PLS regression relies on iterative algorithms (e.g., NIPALS, SIMPLS). Your description of the main ideas is correct: we seek one (PLS1, one response variable/multiple predictors) or two (PLS2, with different modes, multiple response variables/multiple predictors) vector(s) of weights, $u$ (and $v$), say, to form linear combination(s) of the original variable(s) such that the covariance between Xu and Y (Yv, for PLS2) is maximal. Let us focus on extracting the first pair of weights associated to the first component. Formally, the criterion to optimize reads
$$\max\text{cov}(Xu, Yv).\qquad (1)$$
In your case, $Y$ is univariate, so it amounts to maximize
$$\text{cov}(Xu, y)\equiv \text{Var}(Xu)^{1/2}\times\text{cor}(Xu, y)\times\text{Var}(y)^{1/2},\quad st. \|u\|=1.$$
Since $\text{Var}(y)$ does not depend on $u$, we have to maximise $\text{Var}(Xu)^{1/2}\times\text{cor}(Xu, y)$. Let's consider X=[x_1;x_2]

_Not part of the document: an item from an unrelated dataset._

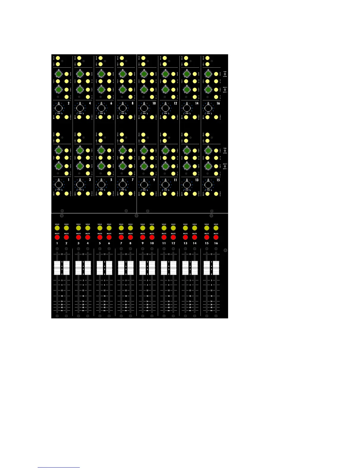 each pair of channels are situated side-by-side below the 2-channel strip. Each 2-channel

, where data are individually standardized (I initially made the mistake of scaling your linear combination instead of $x_1$ and $x_2$ separately!), so that $\text{Var}(x_1)=\text{Var}(x_2)=1$; however, $\text{Var}(Xu)\neq 1$ and depends on $u$. In conclusion, maximizing the correlation between the latent component and the response variable will not yield the same results.
I should thank Arthur Tenenhaus who pointed me in the right direction.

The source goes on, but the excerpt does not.